Issue 49 Up Your Street

Mon 2nd Dec  free 6.45-8.30 Lea Bridge Road Library. Mandarin Chinese lessons for adults

Tues 3rd Dec free. Noon-5pm. Family fun at The Old Baths Eastway E9.  Cre8 recognising International Day for people with disability.

Thurs 5th Dec.   Christmas market at The Grove E15  until 8th Dec.

                              free Age- Exchange anniversary party and showcase at Blackheath Village (108 bus from Stratford). A day of events about reminiscence and older people. (not a training session)  Book with alex.mustapha@age-exchange.org.uk

                              free. 6-8.30pm E17 Kitchen community cookery. Waltham Forest College. Forest Rd E17. Just bring your pinny.

                             free 6pm-8pm Memorial Community Church, 395 Barking Road, E13 8AL “Along with the last evening opening of the Art Arising exhibition in Tower Gallery, on Thursday 5th December there will be a chance to buy unique cards and gifts hand-made by local people. Come and enjoy art, crafts, mulled wine, mince pies and seasonal music.

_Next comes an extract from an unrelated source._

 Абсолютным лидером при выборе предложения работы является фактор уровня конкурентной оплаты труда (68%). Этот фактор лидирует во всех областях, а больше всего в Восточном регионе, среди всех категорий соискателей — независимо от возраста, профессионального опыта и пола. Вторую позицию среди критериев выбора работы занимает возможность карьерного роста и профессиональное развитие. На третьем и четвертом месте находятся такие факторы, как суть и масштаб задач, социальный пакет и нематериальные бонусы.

Stalls include bags, jewellery, honey, dolls house furniture, Christmas cards, traditional crafts, framed photos and sweet treats – perfect gifts for your friends. You can also try your hand at spinning wool too!”

                              free 5-8.30pm  Artist  Sba Shaikh, owner of Mehraj Textile Art E17, shares her work at

date                         Asia House 63 New Cavendish St W1G 7LP London United Kingdom

Sat 7th Dec             free 4-6pm Abbey Gardens  Frost Fair in Newham.

“Enjoy warm winter drinks and home made soups and sing along with members of All Saints Chorus.  There will be a wreath making workshop, chutney tasting and of course, our ever-popular cake stall. ”

Sun 8th Dec   free Noon-5pm. The View Tube on The Greenway Stratford . “Hand-Made Christmas” crafts and family event. (Saturday 7th December too!)

Mon 9th Dec free 9-5pm The Centre For Better Health , Darnley road Hackney hosts RAGWORKS exhibition. Come and see the Angel Gabriel and a few other characters hand-made using refreshed textiles. All week. Thursdays 9am-8pm.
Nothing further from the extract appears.